BEGIN

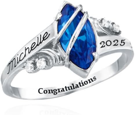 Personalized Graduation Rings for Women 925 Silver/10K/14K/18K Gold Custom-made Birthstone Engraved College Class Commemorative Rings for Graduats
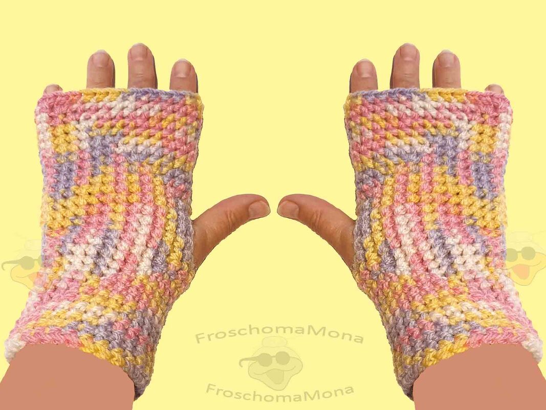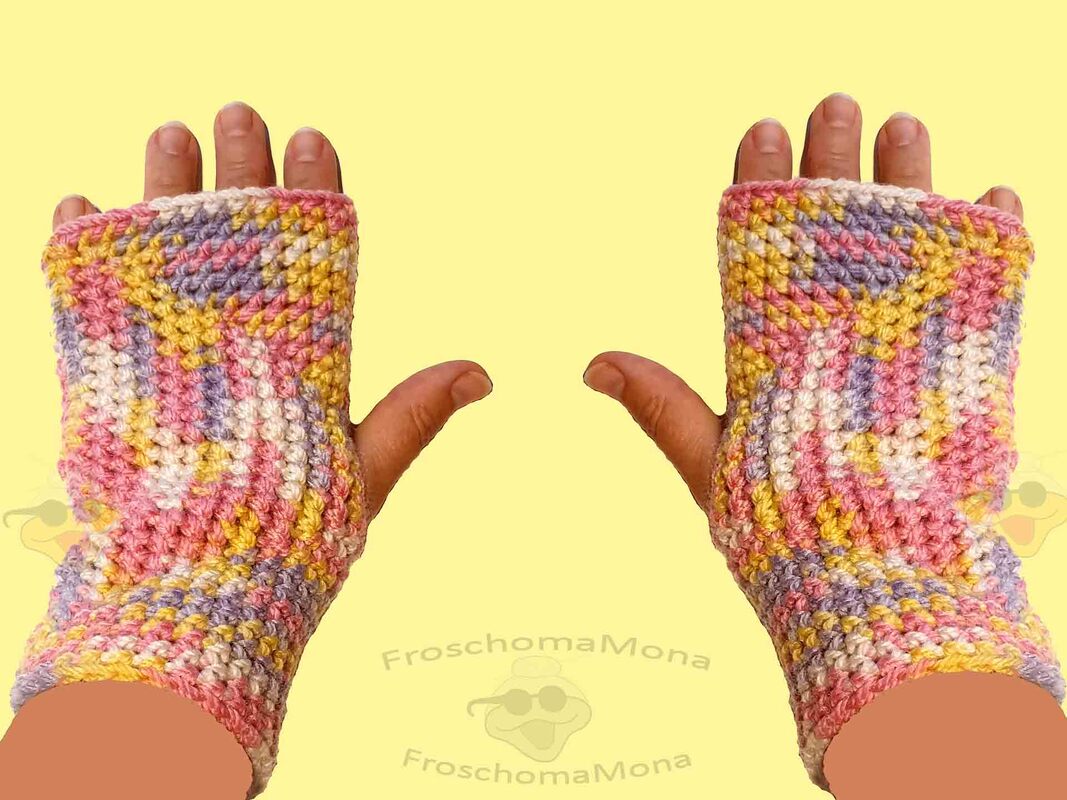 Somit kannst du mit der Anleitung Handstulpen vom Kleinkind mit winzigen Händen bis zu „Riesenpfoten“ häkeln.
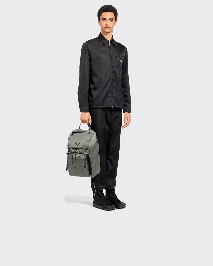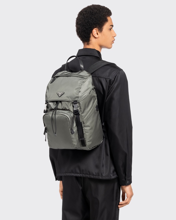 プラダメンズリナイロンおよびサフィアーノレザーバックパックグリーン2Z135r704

END

▶ [What is expected]: Take the data above and set it down exactly, images excluded.

▶ [Worked solution]:
 Personalized Graduation Rings for Women 925 Silver/10K/14K/18K Gold Custom-made Birthstone Engraved College Class Commemorative Rings for Graduats
 Somit kannst du mit der Anleitung Handstulpen vom Kleinkind mit winzigen Händen bis zu „Riesenpfoten“ häkeln.
 プラダメンズリナイロンおよびサフィアーノレザーバックパックグリーン2Z135r704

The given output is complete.